• **Brief**:
Below this line are records; transcribe exactly the lines between the one holding "And then there’s" and the one holding "Chaleco de punto", inclusive, and omit the pictures.

• **Input material**:
Content starts

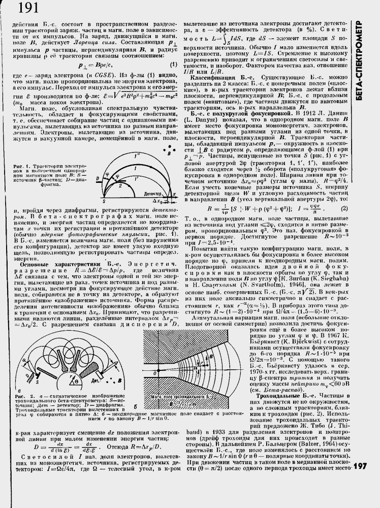 Б.-с. с полукруглой фокусировкой. Б 1912 Л. Даншл (L. Danysz) показал, что в однородном магн. поле К имеет место фокусировка мокоэнергетич, электронов, вылетающих под разными углами из одно» точки, в плоскости, перпендикулярной Л. Траектория частицы, обладающей импульсом р,≈ окружность в плоскости _\\_В с радиусом р, определяющимся ф-лой (1) при р , ~^р. Частицы, испущенные из точки S (рис, 1) с угловой апертурой 2ф (траектории 1, 1', 1"), наиболее близко сходятся через 1/2 оборота («полукруговая» фокусировка в однородном поле). Ширина линии при точечном источнике Ах,)«рф2 (углы (р малы), Н ≈ф2/4. Если учесть конечные размеры источника S, ширину детекторной щели W и угловую расходимость частиц в направлении В (угол вертикальной апертуры 2г|э), то:
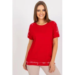 Blúzka s krátkymi rukávmi a okrúhlym výstrihom. Ozdobné nápisy na spodnej časti a na rukávoch. Ideálna voľba na každodenné nosenie.
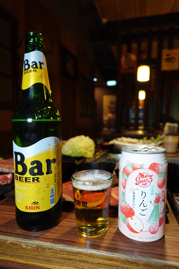 酒水部分真的很爽!從999方案開始就有瓶裝酒水喝到飽,包含金牌、Sapporo、Bar Beer三種啤酒直接無限暢飲。升級到1199,更是進入「酒鬼天堂」,除了啤酒之外,還多了蘋果、白桃、梅果、柚子四種水果酒,喝起來清爽帶甜,非常適合配燒肉解膩。
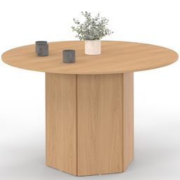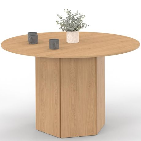 Table à manger ronde BERTHE 6 personnes pied hexagonal bois effet hêtre 110 cm
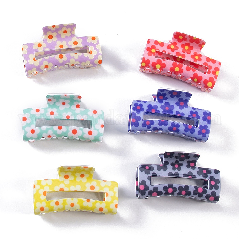 12 шт 6 цвета цветочный узор ПВХ пластиковые заколки-коготь для волос, аксессуары для волос для женщин и девочек, прямоугольные
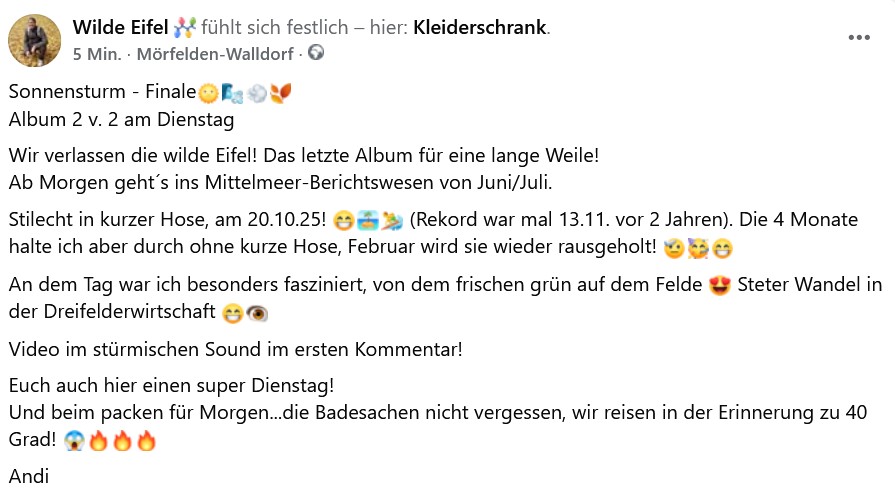 Der Einstieg allein – "Wir verlassen die wilde Eifel! Das letzte Album für eine lange Weile!" – klingt wie das Finale einer Netflix-Serie über Jahreszeiten. Man spürt richtig, dass du dich selbst beim Schreiben augenzwinkernd verneigst, bevor der Abspann läuft. 🎬
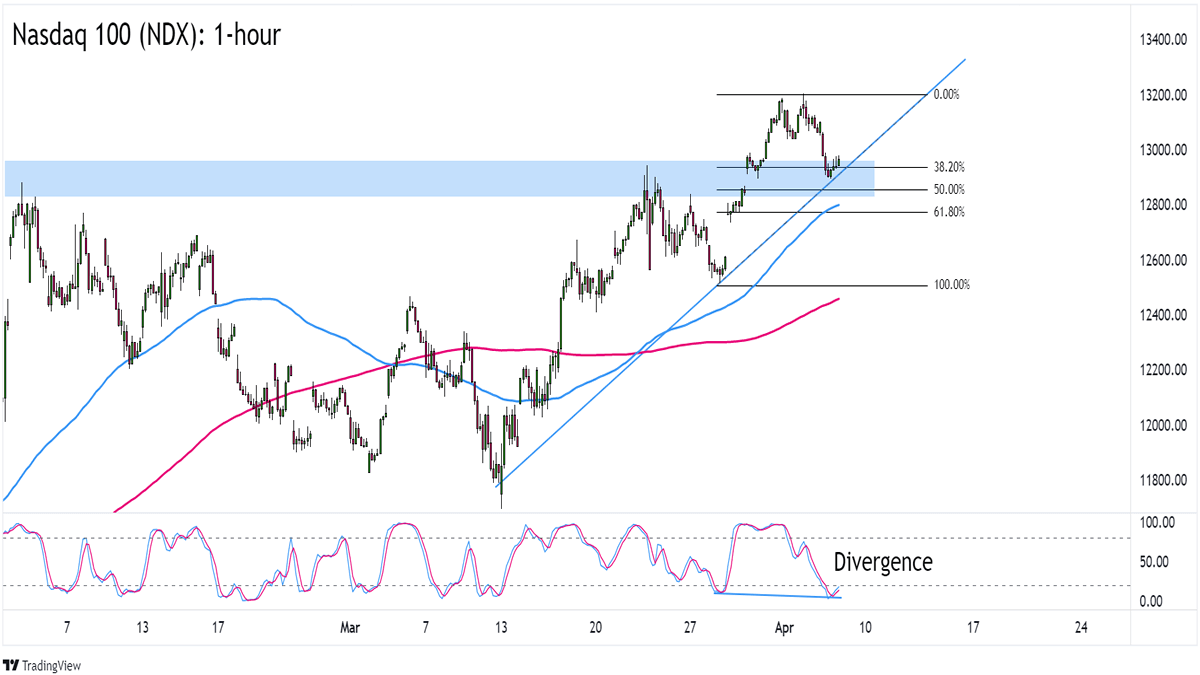 And then there’s the bullish divergence on the 1-hour time frame which could help push NDX back to its previous highs.
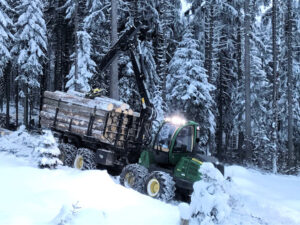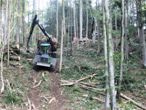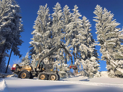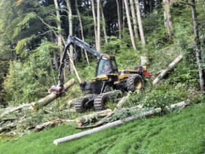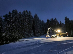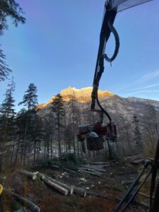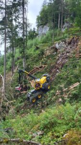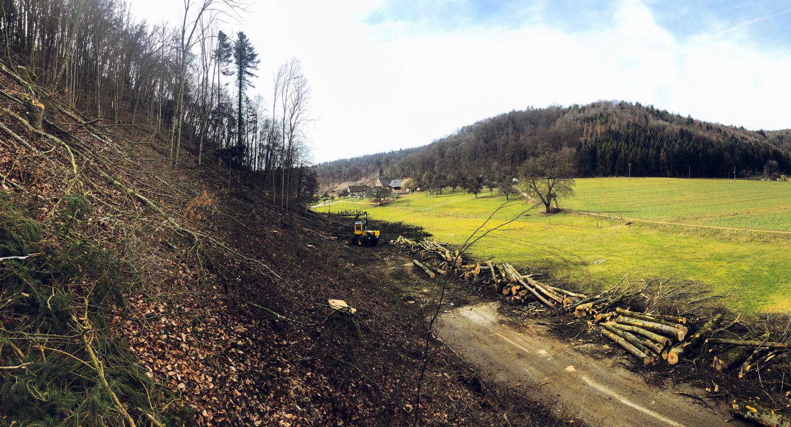 In Zusammenhang mit einer Steilhangdurchforstung welche wir mit unseren Harvester und Forwarder, mit Trationshilfswinde und unserem Rückeschlepper durchführen, konnten wir ebenfalls auch ein Stück des Schutzwaldes oberhalb von Stallikon pflegen.
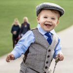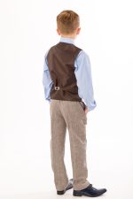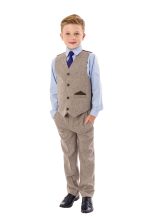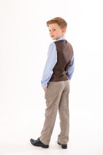A super stylish Brown herringbone tweed suit, perfect to transform your little boy into a stylish gentleman. This high quality stylish suit consists of a fitted waistcoat and trousers in a stylish Brown herringbone tweed. A crisp Blue shirt and Blue tie complete the gentleman look.
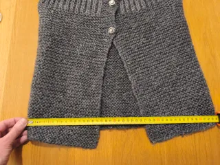 Chaleco de punto de lana de estilo vintage. Presenta un diseño abierto en la parte delantera con dos botones. - Cuello con solapa. - Manga corta. - Tejido de punto grueso.
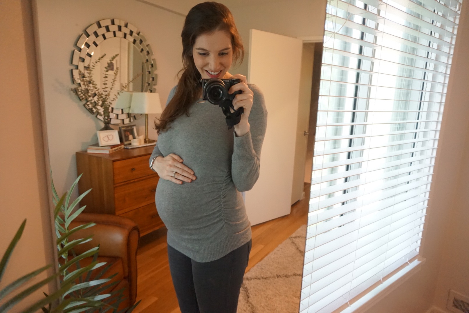 How far along? 28 weeks, 1 day. Total weight gain: 25lbs. I’ve literally never been this heavy in my entire life. At first I was worried this would be a 60lb pregnancy, because I gained 20lb in the first 18 weeks. But the rapid weight gain has slowed way down. Not that I care about the scale, whatever it takes to cook a healthy baby is fine by me, but still… Sleep: Sleep has been fine so far. It’s a bit of a struggle since stomach sleeping is a no-no. They claim the best position is sleeping on your left side, due to a major artery running up your right side. Even laying on my back for long periods of time is difficult. It’s been an adjustment, but for now, sleep is OK. Best moment this week: Baby shopping with my mother. She flew up to help me pick out nursery furniture, a stroller, bassinet, carseat, swaddles, pacifiers, and everything in between. My doula sent me over a newborn baby shopping list, and let me tell you, it was overwhelming. After dedicating an entire weekend to shopping with my mom, we were able to knock off everything. It is SUCH A RELIEF to have everything we need for baby girl. Maternity clothes? Ummm YES. I’ve been living in my maternity leggings since week 10. And let me tell you, maternity jeans are the BEST THING EVER. Jessica Simpson has a line out, I own three pairs.

Content ends

• **Answer to the exercise**:
 And then there’s the bullish divergence on the 1-hour time frame which could help push NDX back to its previous highs.
 In Zusammenhang mit einer Steilhangdurchforstung welche wir mit unseren Harvester und Forwarder, mit Trationshilfswinde und unserem Rückeschlepper durchführen, konnten wir ebenfalls auch ein Stück des Schutzwaldes oberhalb von Stallikon pflegen.
A super stylish Brown herringbone tweed suit, perfect to transform your little boy into a stylish gentleman. This high quality stylish suit consists of a fitted waistcoat and trousers in a stylish Brown herringbone tweed. A crisp Blue shirt and Blue tie complete the gentleman look.
 Chaleco de punto de lana de estilo vintage. Presenta un diseño abierto en la parte delantera con dos botones. - Cuello con solapa. - Manga corta. - Tejido de punto grueso.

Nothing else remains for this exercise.